Lee also explores Stoppard’s screenwriting career. He has worked on many different films, perhaps the most surprising being for Cats, done because he loved the T.S. Eliot poems the musical is based on and enjoyed the “puzzle problem” of finding a plot into which he could put the songs; sadly, his version was not made. While he might be best known for Shakespeare in Love, it was not his idea or his title. Some of the films he has worked on uncredited include Indiana Jones and the Last Crusade (dialogue between Indy and his father) and Hook.

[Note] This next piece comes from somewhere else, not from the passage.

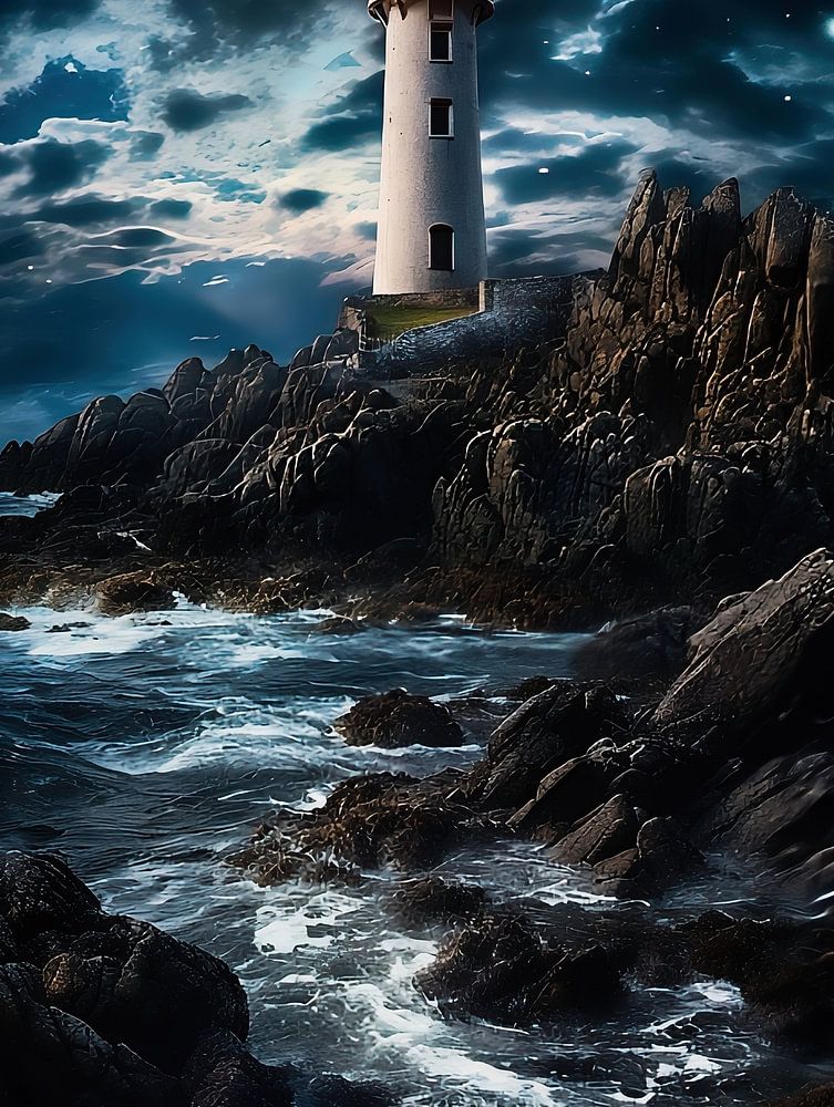 Buy this landscape artwork Lighthouse at night by fernlichtsicht on canvas, ArtFrame, poster and wallpaper, printed on demand in high quality.

Stoppard feels an extraordinary love for his adopted country, defending its institutions. He was a supporter of Prime Minister Margaret Thatcher, having lunch with her and Reagan. His friend Antonia Fraser comments that he was one of their most “right-wing” friends. Sometimes his conservative views caused disagreements between him and his other artist friends, as when he allowed productions of his plays in apartheid South Africa. Lee carefully explores his thinking, showing that he was interested in the freedoms offered in England, offered, especially that of the press, that were not available in many other places. In later years, he would take a more liberal view, perhaps, as Lee suggests, under the influence of his partner Sinead Cusack. Whereas in Night and Day, he argued that some hack journalism might be the price to pay for the press’ freedoms, more recently he has raised concern over the change in British media culture that led to the notorious eavesdropping scandals.
The book’s look at Stoppard’s personal life shows him to be honorable and loyal, even during difficult situations, such as his first wife Jose’s mental health struggles. While he grew up in a family that was not open with their feelings (his brother told him about their mother’s pregnancy with their half-sister), he formed lasting friendships and relationships. Even his exes have nothing but love for him. It is possible that this is because Stoppard is still alive and he chose Lee as his biographer, but he seems to inspire love. With an easy style, Tom Stoppard tells the compelling story of a talented, beloved writer.